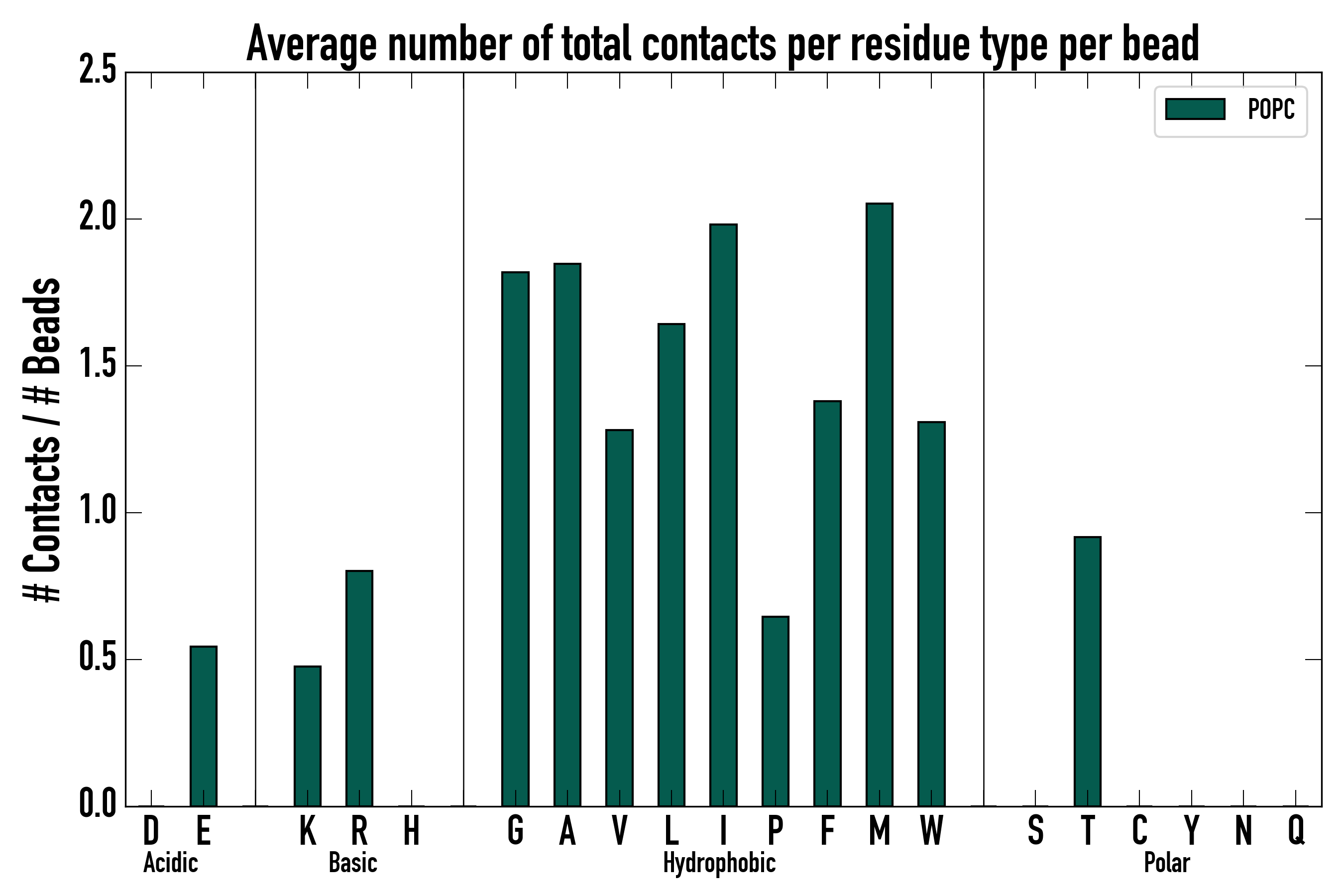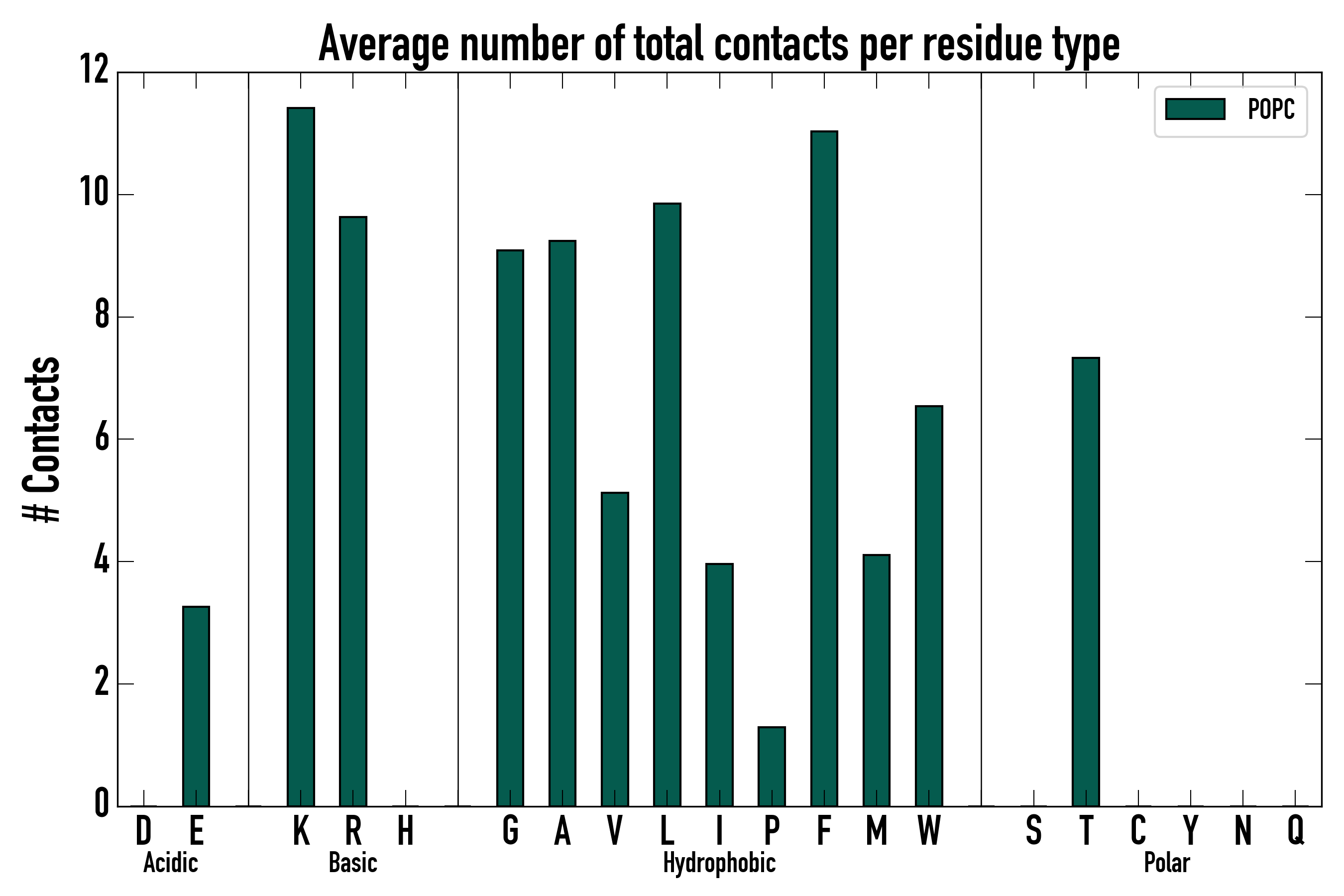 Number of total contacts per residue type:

********************

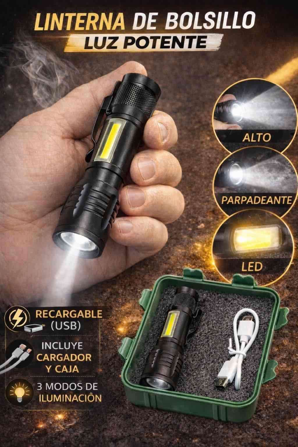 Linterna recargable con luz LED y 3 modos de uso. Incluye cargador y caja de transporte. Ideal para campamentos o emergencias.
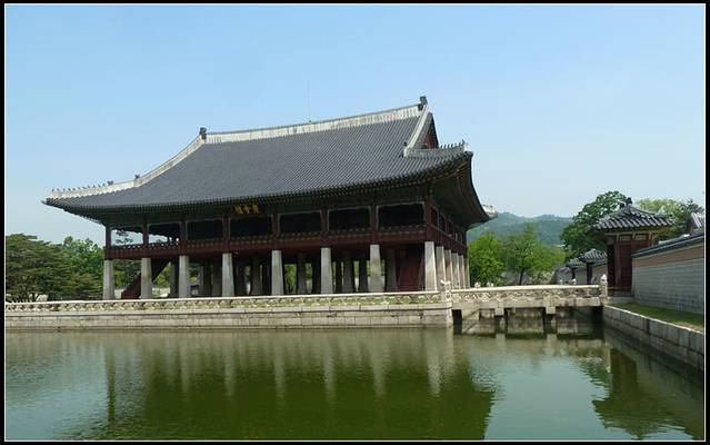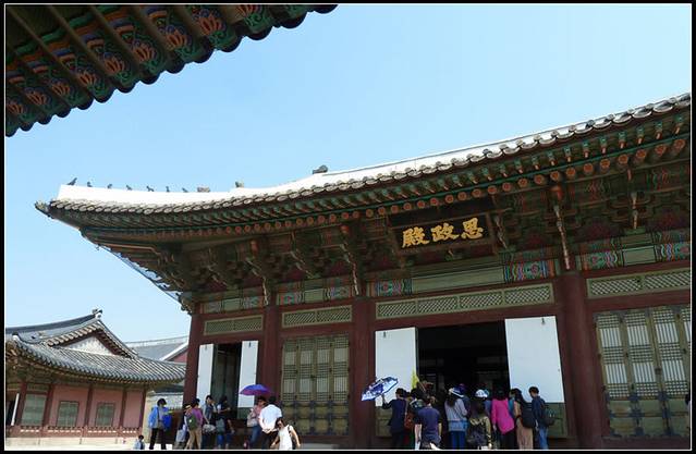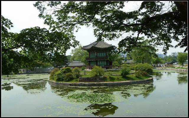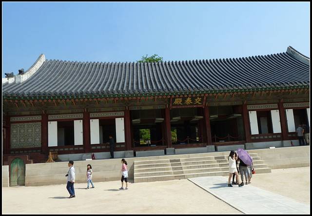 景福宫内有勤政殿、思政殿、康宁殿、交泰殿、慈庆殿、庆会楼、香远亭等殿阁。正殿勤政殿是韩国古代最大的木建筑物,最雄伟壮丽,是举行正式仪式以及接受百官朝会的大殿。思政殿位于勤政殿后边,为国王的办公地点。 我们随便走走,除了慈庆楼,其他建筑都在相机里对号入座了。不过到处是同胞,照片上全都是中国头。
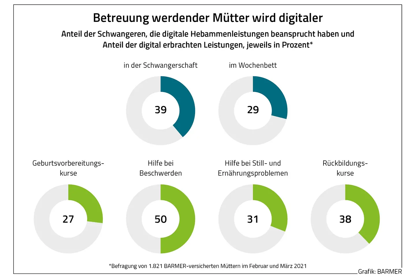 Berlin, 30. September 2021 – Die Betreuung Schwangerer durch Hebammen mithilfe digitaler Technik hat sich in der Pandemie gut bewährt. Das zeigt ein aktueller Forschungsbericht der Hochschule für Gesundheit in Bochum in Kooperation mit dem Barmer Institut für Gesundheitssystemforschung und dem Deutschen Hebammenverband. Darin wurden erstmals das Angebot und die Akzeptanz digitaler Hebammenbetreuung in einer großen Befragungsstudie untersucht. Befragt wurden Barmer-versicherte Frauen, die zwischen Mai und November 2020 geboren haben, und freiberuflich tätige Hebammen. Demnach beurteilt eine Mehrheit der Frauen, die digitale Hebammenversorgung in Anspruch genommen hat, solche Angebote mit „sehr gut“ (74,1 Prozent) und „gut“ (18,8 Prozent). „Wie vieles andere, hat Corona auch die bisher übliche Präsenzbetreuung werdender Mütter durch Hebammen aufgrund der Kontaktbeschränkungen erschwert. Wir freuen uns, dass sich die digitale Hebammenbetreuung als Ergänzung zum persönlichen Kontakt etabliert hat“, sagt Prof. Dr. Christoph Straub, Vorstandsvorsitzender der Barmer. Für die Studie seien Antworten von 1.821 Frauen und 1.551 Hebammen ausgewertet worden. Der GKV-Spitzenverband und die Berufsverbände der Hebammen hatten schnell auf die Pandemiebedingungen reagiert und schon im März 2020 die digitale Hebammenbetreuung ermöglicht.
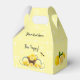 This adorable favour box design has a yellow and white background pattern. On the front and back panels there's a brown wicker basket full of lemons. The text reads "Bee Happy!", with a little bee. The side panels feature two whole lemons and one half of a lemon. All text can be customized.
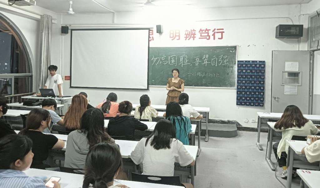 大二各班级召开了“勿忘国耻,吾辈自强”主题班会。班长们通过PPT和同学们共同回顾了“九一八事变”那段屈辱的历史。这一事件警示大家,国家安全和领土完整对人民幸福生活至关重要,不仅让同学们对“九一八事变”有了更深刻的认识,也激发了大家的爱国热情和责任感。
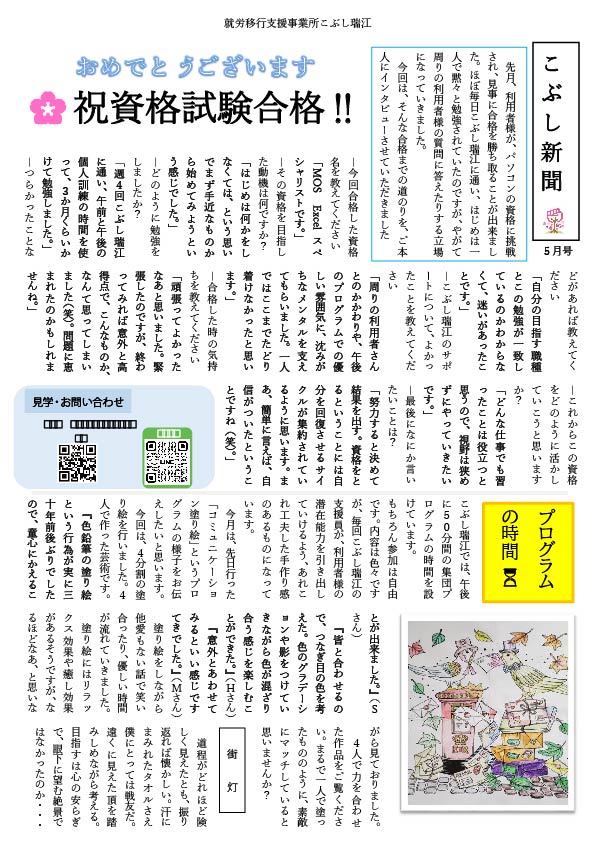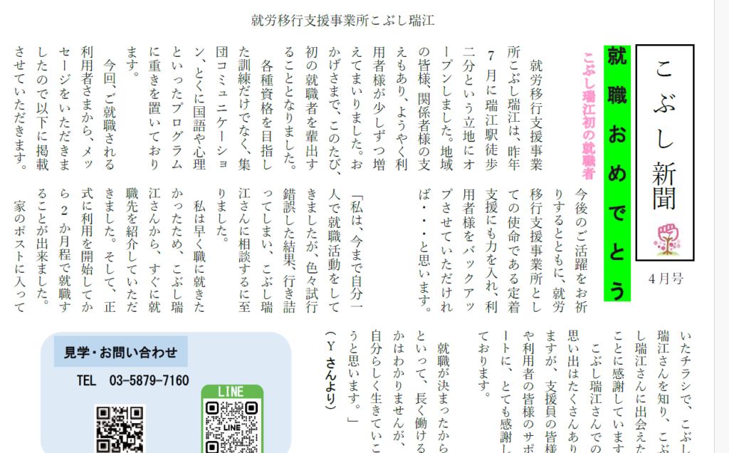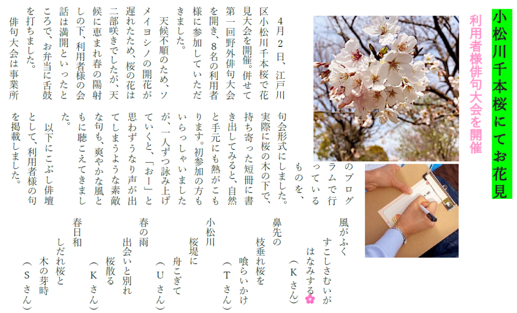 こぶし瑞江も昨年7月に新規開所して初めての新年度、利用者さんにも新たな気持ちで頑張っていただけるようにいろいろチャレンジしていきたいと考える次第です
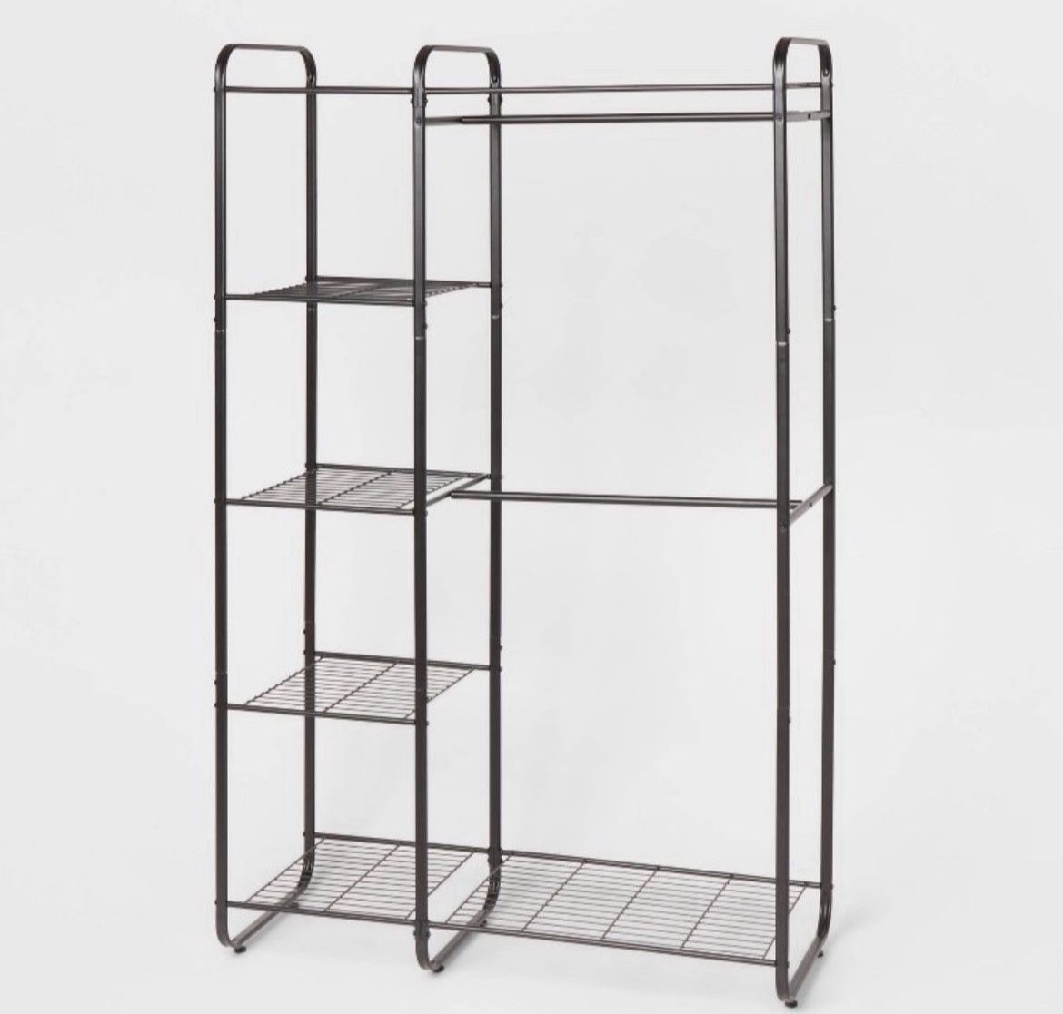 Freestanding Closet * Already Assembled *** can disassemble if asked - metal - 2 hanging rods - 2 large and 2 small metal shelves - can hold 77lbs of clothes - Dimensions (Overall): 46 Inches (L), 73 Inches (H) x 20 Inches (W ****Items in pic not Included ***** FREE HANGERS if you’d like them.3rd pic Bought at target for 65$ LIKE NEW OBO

********************

ASSIGNMENT
Using the data above, return the lines from the one holding "こぶし瑞江も昨年7月に新規開" through the one holding "Freestanding Closet *" exactly, but not the pictures.

SOLUTION TO THE EXERCISE
 こぶし瑞江も昨年7月に新規開所して初めての新年度、利用者さんにも新たな気持ちで頑張っていただけるようにいろいろチャレンジしていきたいと考える次第です
 Freestanding Closet * Already Assembled *** can disassemble if asked - metal - 2 hanging rods - 2 large and 2 small metal shelves - can hold 77lbs of clothes - Dimensions (Overall): 46 Inches (L), 73 Inches (H) x 20 Inches (W ****Items in pic not Included ***** FREE HANGERS if you’d like them.3rd pic Bought at target for 65$ LIKE NEW OBO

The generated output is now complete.